Source material -
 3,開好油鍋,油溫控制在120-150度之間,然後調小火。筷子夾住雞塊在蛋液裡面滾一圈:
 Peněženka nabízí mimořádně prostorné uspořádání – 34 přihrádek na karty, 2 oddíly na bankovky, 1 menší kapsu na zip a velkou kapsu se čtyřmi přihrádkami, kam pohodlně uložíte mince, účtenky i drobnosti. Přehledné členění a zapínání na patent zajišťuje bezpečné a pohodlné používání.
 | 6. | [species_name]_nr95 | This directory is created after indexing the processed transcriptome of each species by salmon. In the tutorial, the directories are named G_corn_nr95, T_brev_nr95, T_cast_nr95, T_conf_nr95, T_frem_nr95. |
...
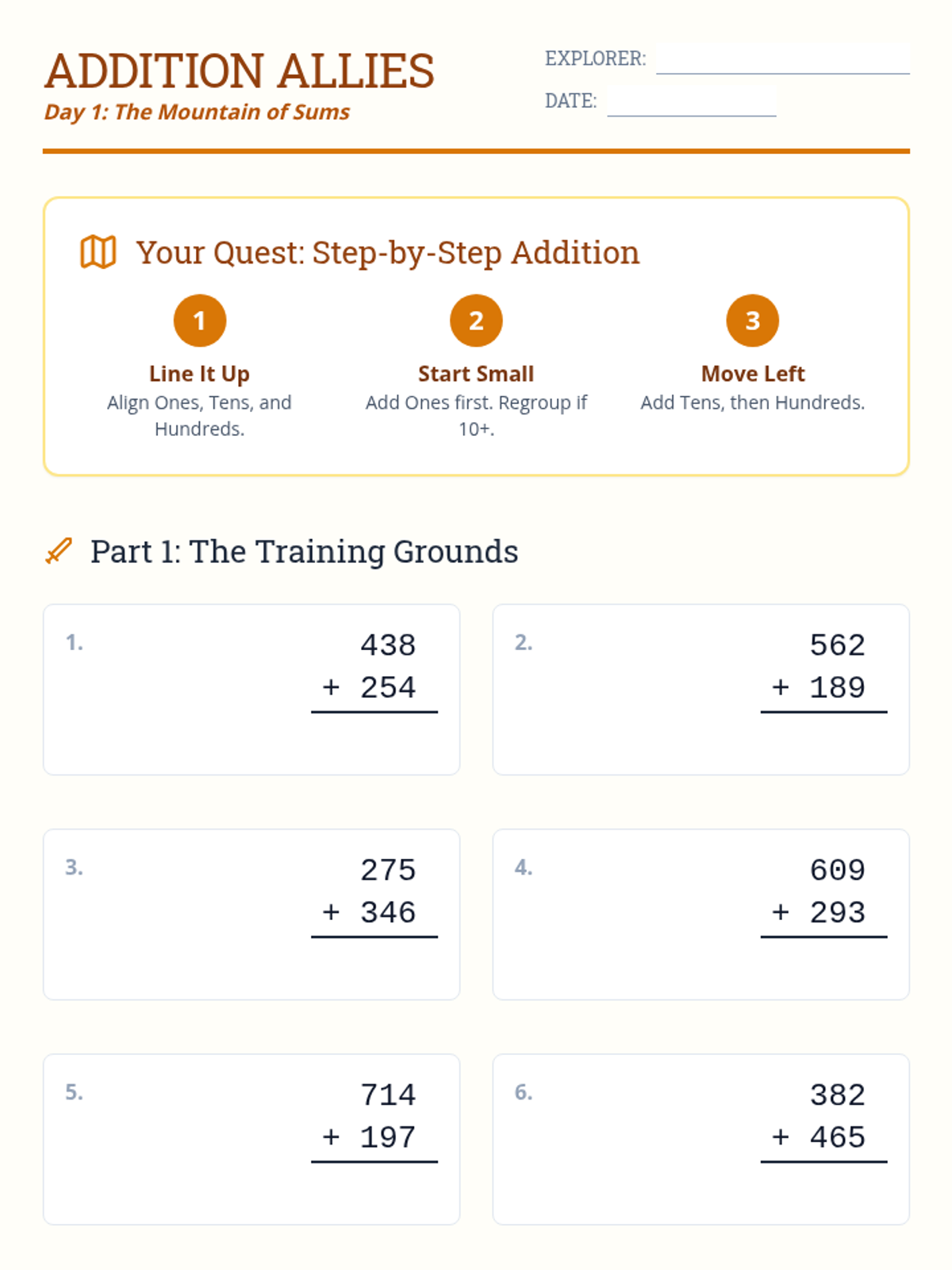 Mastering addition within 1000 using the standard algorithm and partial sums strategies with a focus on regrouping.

Work task -
Within the data above, the lines from the one with "3,開好油鍋,油溫控制在12" to the one with "T_conf_nr95, T_frem_nr95. |" must be repeated exactly; no other line belongs in the answer.

Exercise solution -
 3,開好油鍋,油溫控制在120-150度之間,然後調小火。筷子夾住雞塊在蛋液裡面滾一圈:
 Peněženka nabízí mimořádně prostorné uspořádání – 34 přihrádek na karty, 2 oddíly na bankovky, 1 menší kapsu na zip a velkou kapsu se čtyřmi přihrádkami, kam pohodlně uložíte mince, účtenky i drobnosti. Přehledné členění a zapínání na patent zajišťuje bezpečné a pohodlné používání.
 | 6. | [species_name]_nr95 | This directory is created after indexing the processed transcriptome of each species by salmon. In the tutorial, the directories are named G_corn_nr95, T_brev_nr95, T_cast_nr95, T_conf_nr95, T_frem_nr95. |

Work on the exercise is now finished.